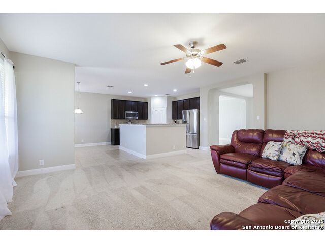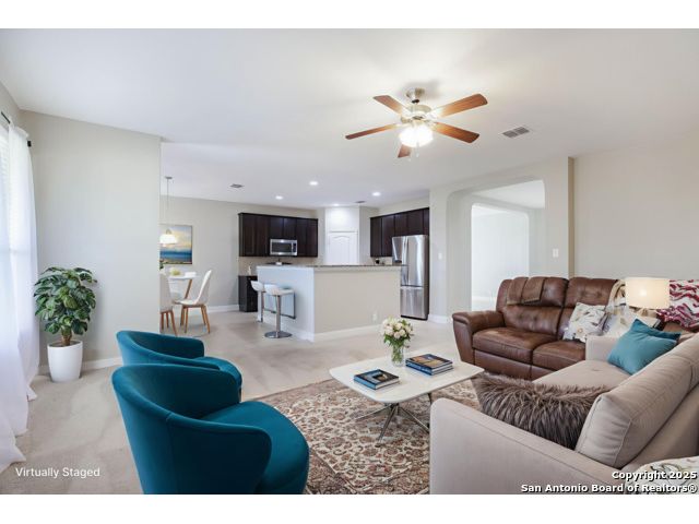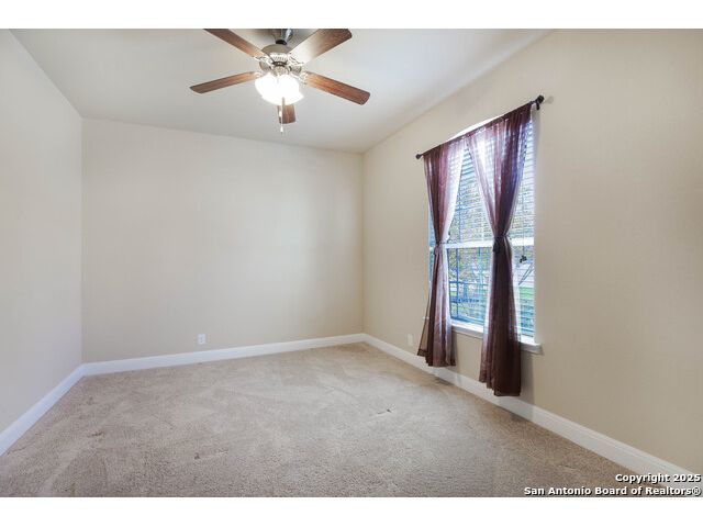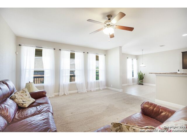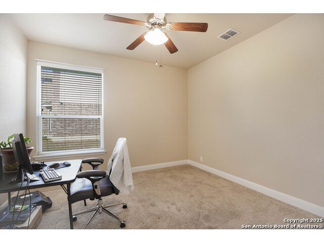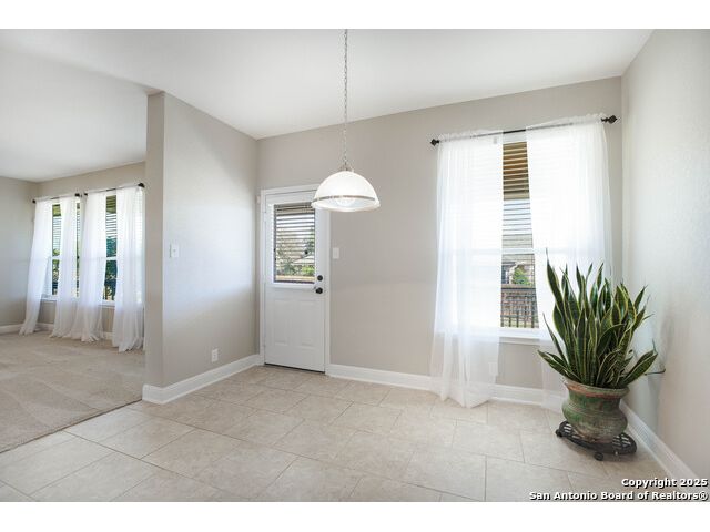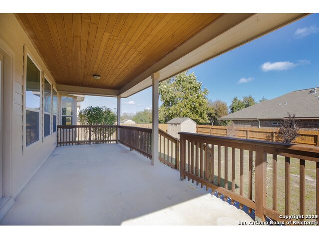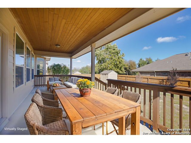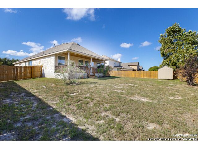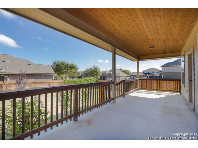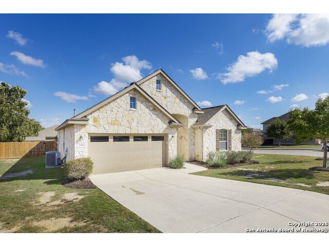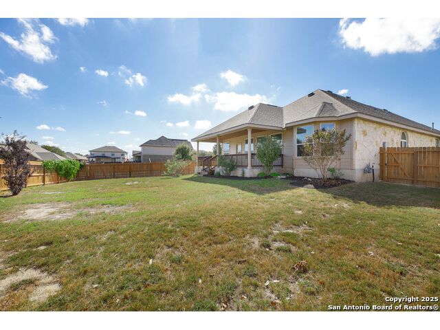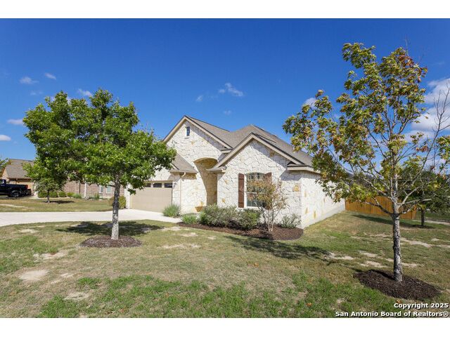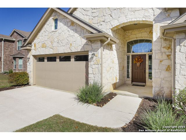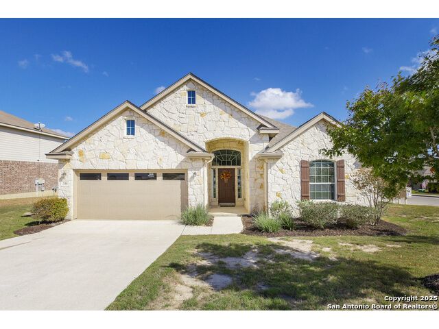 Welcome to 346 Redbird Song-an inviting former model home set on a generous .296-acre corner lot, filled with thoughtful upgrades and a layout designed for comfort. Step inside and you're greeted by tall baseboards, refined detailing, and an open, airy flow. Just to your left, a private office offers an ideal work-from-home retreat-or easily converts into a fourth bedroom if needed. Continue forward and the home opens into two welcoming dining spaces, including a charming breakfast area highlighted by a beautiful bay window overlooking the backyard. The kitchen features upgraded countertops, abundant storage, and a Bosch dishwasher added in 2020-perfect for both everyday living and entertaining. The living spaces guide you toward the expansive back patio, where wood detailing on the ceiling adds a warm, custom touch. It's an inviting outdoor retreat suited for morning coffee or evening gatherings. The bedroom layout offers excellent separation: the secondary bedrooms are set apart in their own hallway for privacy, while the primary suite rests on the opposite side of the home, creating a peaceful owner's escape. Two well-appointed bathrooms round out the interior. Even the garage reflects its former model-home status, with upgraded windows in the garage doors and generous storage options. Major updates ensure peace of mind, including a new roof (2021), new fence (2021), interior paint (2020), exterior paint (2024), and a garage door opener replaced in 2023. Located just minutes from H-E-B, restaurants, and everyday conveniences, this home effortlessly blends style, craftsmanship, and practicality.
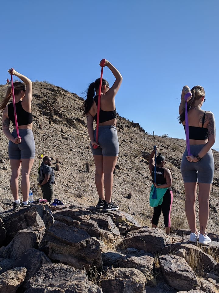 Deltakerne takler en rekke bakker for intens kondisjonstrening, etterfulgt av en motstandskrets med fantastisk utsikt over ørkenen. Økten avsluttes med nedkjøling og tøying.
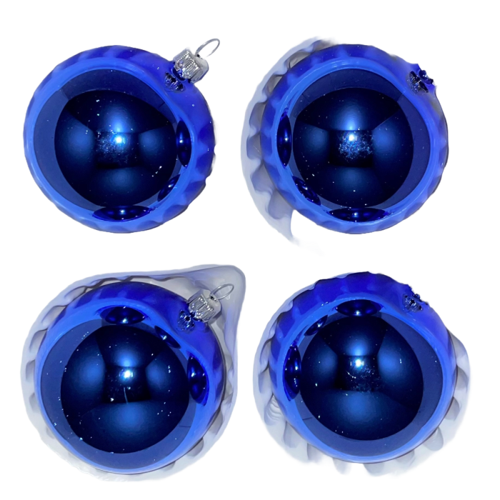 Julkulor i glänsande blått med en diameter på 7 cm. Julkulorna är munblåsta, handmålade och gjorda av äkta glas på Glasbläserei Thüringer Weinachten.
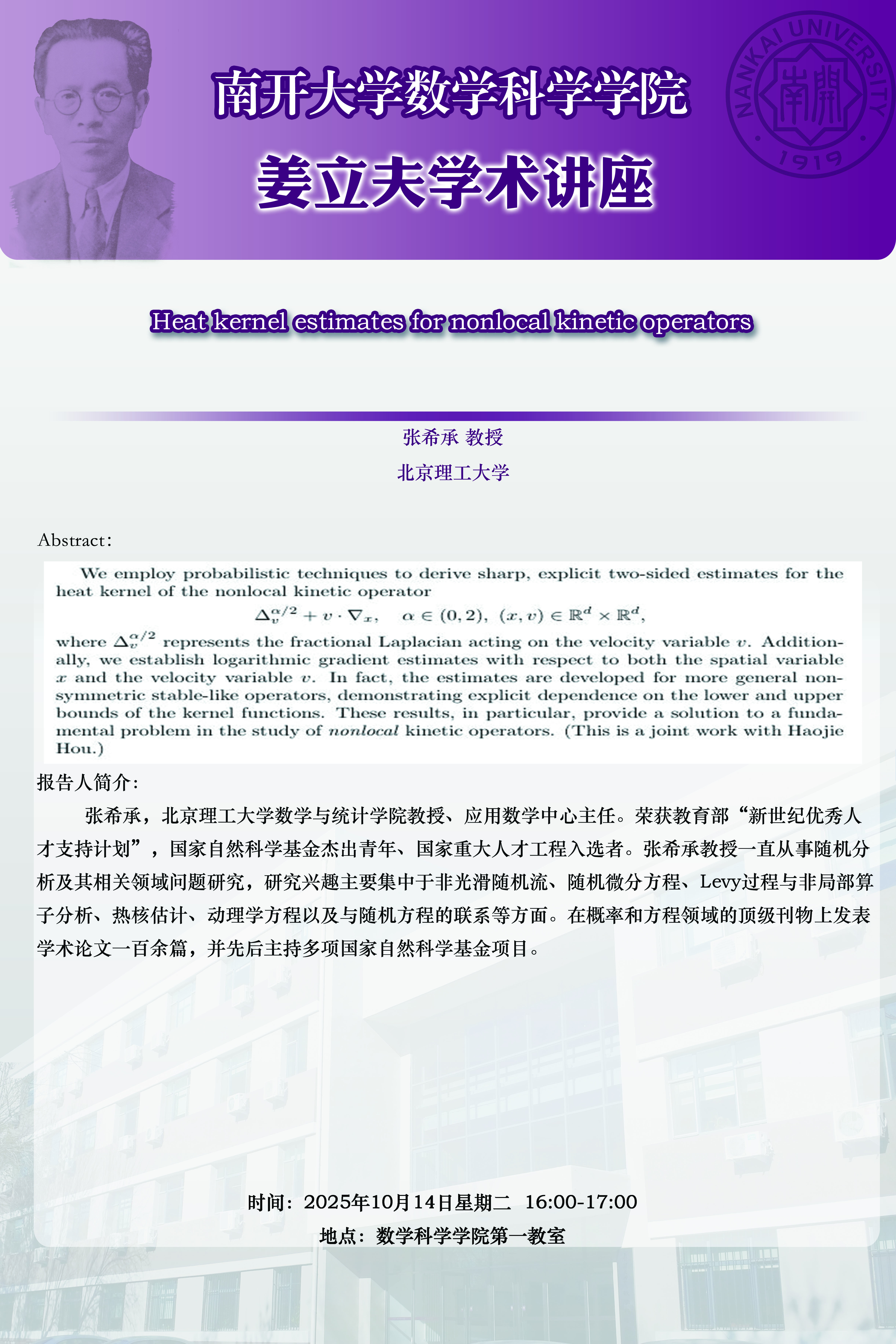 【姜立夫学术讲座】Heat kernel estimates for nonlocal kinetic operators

---

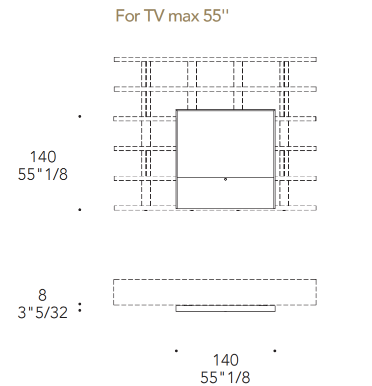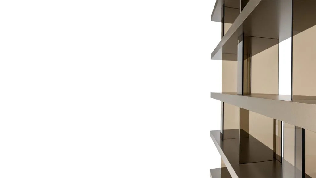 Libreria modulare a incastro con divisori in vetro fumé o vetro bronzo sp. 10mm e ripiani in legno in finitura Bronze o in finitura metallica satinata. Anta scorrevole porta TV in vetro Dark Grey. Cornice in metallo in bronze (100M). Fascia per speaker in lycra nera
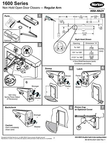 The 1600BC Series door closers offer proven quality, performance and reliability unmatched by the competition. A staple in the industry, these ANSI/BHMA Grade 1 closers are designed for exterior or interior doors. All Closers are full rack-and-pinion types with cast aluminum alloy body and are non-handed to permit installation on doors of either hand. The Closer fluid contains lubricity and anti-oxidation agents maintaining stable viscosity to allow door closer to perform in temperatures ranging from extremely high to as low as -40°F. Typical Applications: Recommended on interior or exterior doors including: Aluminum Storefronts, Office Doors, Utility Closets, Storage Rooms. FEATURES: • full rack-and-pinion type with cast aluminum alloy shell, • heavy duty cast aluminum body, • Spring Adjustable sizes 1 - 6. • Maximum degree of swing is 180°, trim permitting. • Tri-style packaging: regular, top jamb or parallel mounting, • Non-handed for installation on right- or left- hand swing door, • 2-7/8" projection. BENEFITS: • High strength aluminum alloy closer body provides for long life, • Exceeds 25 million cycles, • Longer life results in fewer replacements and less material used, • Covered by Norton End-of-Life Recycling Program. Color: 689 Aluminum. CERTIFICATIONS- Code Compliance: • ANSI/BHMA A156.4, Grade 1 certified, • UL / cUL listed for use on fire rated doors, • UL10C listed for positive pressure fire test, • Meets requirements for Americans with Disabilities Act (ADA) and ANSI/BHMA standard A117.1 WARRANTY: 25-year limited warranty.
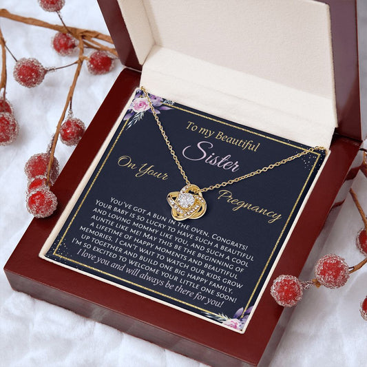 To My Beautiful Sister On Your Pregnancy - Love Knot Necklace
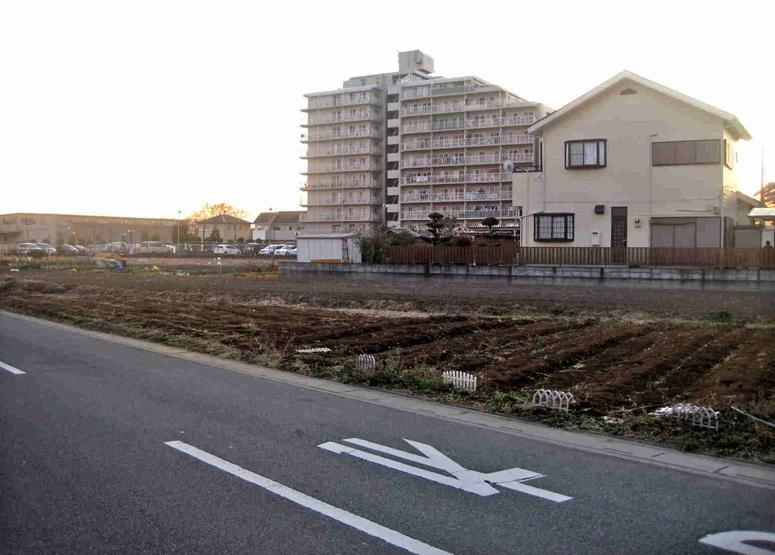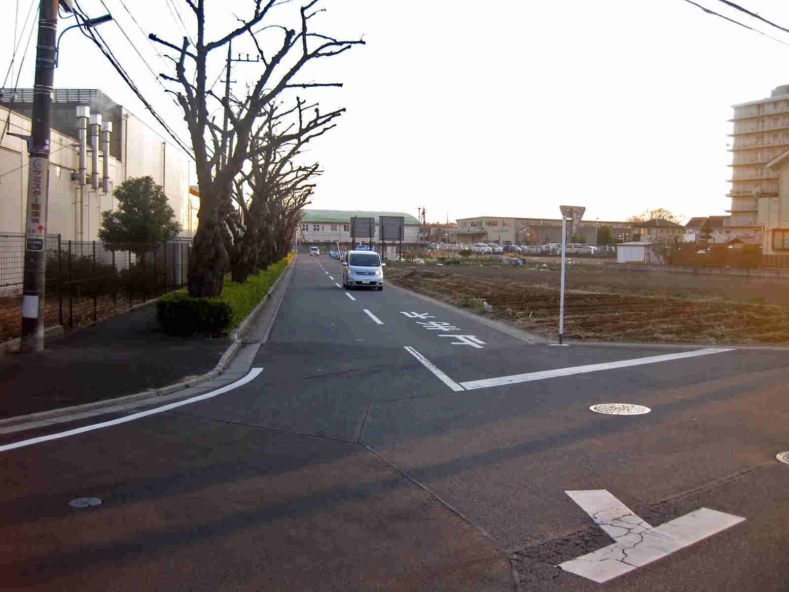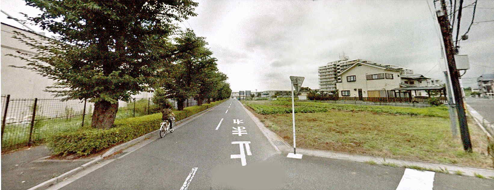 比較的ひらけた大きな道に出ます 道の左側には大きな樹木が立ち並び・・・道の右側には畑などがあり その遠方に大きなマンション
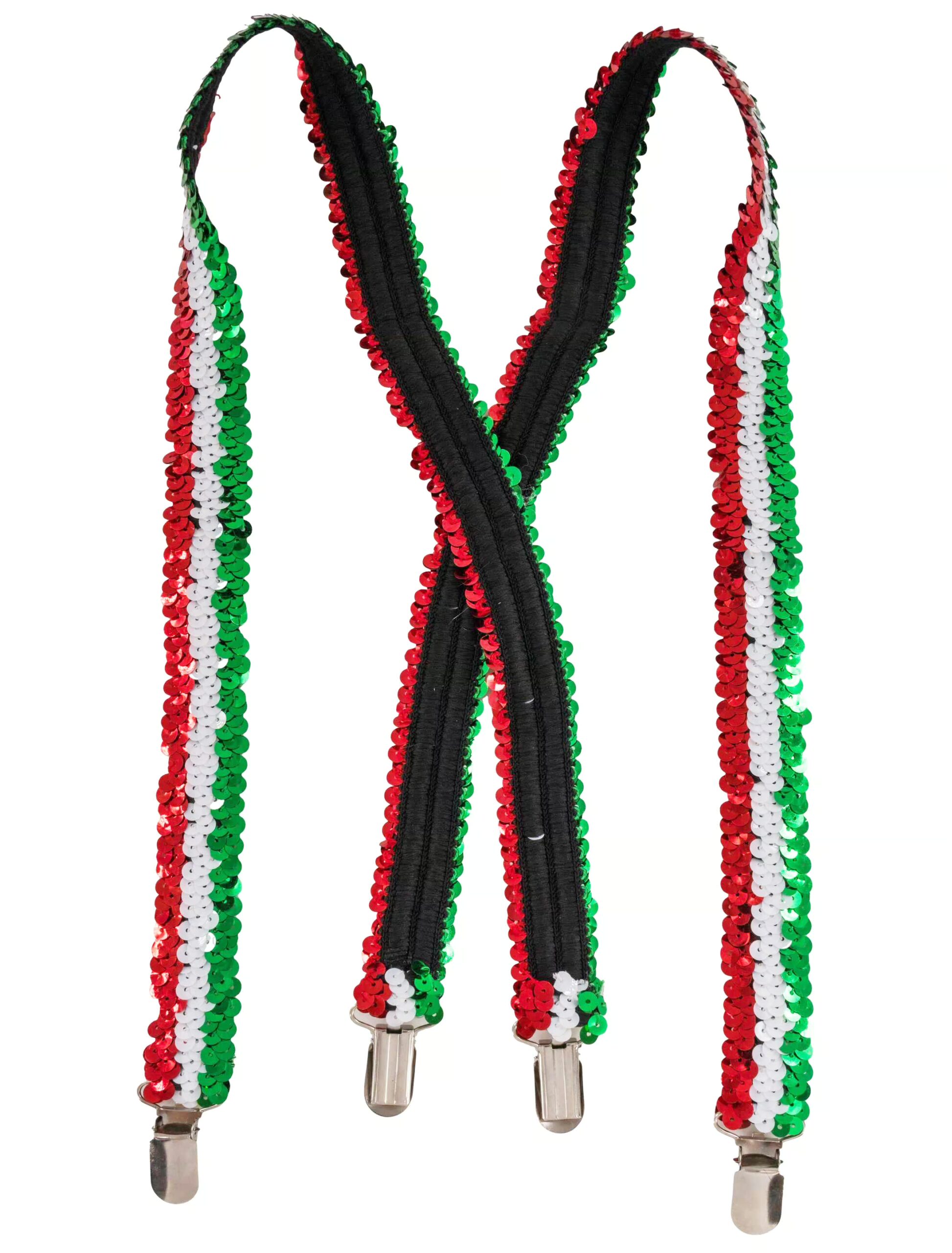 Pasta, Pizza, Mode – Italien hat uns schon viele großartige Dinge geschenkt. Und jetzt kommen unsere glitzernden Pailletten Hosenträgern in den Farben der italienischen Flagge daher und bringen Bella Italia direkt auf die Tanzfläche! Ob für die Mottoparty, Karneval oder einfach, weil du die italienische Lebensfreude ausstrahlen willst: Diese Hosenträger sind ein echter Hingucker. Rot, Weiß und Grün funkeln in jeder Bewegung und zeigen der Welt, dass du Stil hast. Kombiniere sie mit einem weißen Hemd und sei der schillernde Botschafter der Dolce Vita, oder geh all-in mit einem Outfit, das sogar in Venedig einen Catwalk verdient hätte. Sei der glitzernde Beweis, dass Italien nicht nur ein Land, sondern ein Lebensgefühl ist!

---

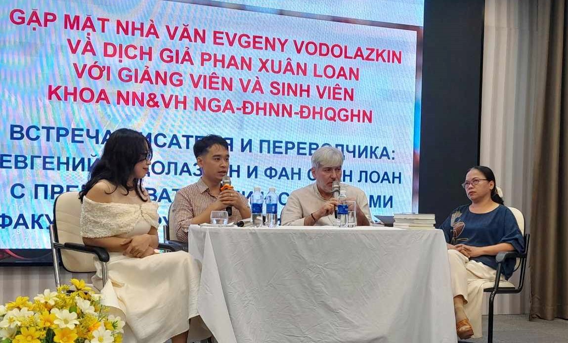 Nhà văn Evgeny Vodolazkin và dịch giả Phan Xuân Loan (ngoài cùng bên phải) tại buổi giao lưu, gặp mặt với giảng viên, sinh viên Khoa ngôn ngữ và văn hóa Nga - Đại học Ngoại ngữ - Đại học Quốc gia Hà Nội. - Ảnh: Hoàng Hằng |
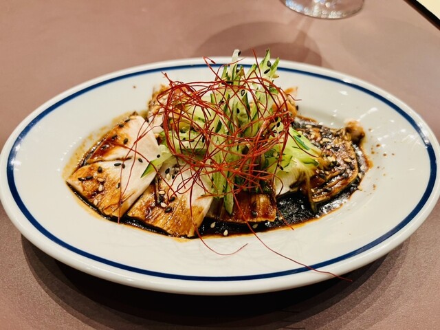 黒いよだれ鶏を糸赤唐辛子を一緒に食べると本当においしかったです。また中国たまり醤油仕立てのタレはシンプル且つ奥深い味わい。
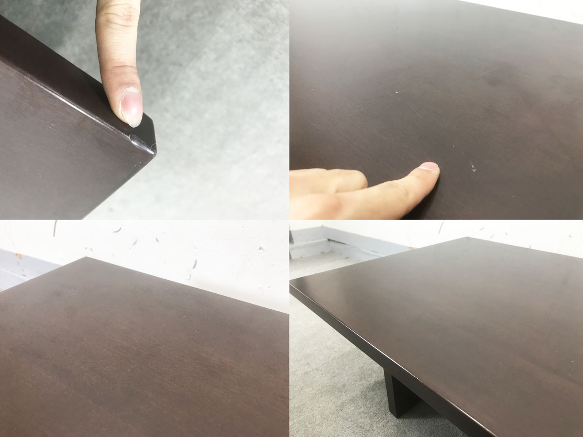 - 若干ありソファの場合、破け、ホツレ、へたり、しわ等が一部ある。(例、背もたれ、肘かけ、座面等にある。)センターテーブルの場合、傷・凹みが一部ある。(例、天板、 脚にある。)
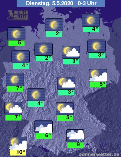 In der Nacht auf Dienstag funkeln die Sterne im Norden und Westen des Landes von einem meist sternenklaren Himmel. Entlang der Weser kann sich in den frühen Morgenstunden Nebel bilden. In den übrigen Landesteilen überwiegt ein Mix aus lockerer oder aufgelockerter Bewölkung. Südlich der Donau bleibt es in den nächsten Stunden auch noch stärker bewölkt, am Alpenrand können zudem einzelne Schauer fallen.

» **Exercise aim**
Among the entries above, locate the line with "Julkulor i glänsande" and the line with "nonlocal kinetic operators". Give those two lines and all lines between them again, exactly, leaving out the pictures.

» **Solution for this problem**
 Julkulor i glänsande blått med en diameter på 7 cm. Julkulorna är munblåsta, handmålade och gjorda av äkta glas på Glasbläserei Thüringer Weinachten.
 【姜立夫学术讲座】Heat kernel estimates for nonlocal kinetic operators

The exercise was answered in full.